In the KERNEL32.DLL sample above, the DWORD following the "Rich" sequence happens to have the value 0xF94EE753.
This is the XOR key stored by and calculated by the linker. It is actually a checksum of the DOS header with
the e_lfanew (PE header offset) zeroed out, and additionally includes the values of the unencrypted "Rich" array.
Using a checksum with encryption will not only obfuscate the values, but it also serves as a rudimentary digital
signature. If the
checksum is calculated from scratch once the values have been decrypted, but doesn't match the stored key, it can be assumed the structure had been
tampered with. For those that go the extra step to recalculate the checksum/key, this simple protection
mechanism can be bypassed.
To decrypt the array, start with the DWORD just prior to the "Rich" sequence and XOR it with the key.
Continue the loop backwards, 4 bytes at a time, until the sequence "DanS" (0x536E6144) is decrypted.
This value marks the start of the structure, and in practice always seems to reside at offset 0x80. I think a lot of
tools that parse the "Rich" structure rely on it starting at offset 0x80. I'd personally recommend
against relying on this fact and parsing backwards from the "Rich" signature as described above to handle situations where this may not be the case.
Since this is an undocumented structure, I think its best to avoid any assumptions such as hardcoded offsets, especially since you must
search for the signature "Rich" anyway.
With that said, I have yet to encounter an executable where offset 0x80 is not the start; that is, if the structure is present at all.
Following the decoding procedure using the KERNEL32.DLL sample shown above, we end up with following
"Rich" structure where all values have been decrypted, and the array is listed beginning at offset 0x80 in ascending order:
The array stores entries that are 8-bytes each, broken into 3 members. Each entry represents either a tool that was
employed as part of building the executable or a statistic.

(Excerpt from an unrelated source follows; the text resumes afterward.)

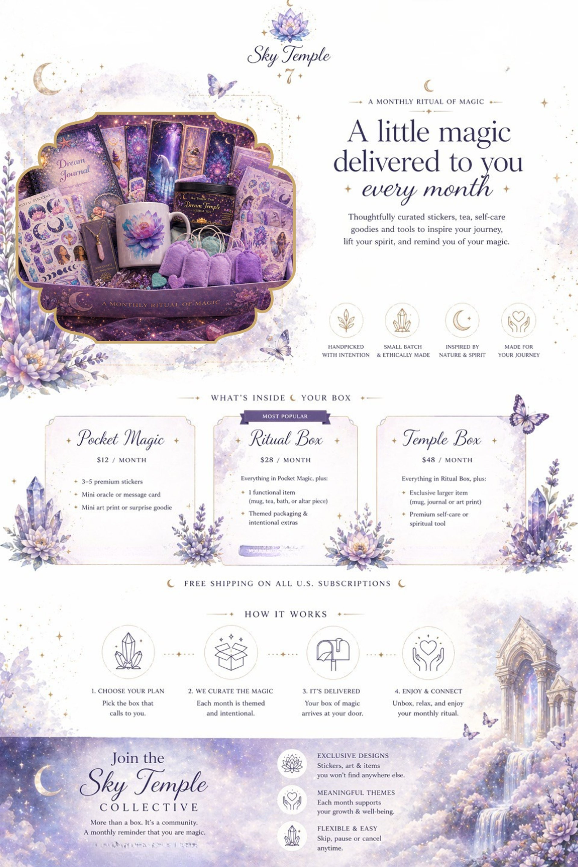 Sky Temple 7's Spiritual subscription boxes are filled with stickers, tea, self care rituals and magical tools to inspire your journey, lift your spirit and remind you of your magic

You'll notice there are some zero-padded DWORDs adjacent to the "DanS" start marker.
In practice, Microsoft seems to have wanted the entries to begin on a 16-byte (paragraph) boundary, so
the 3 leading padding DWORDs can be safely skipped as not belonging to the data.
Each 8-byte entry consists of two 16-bit WORD values followed by a 32-bit DWORD. The HIGH order WORD is
an id which indicates the entry type. The LOW order WORD contains the build number of the tool being
represented (when applicable), or it may be set to zero. The next DWORD is a full 32-bit "use" or "occurrence"
THE ID VALUE:
The id value indicates the type of the list entry. For example, a specific id will represent OBJ files generated
as a result of the use of a specific version of the C compiler. Different ids represent other tools that were also
employed as part of building the final executable, such as the linker.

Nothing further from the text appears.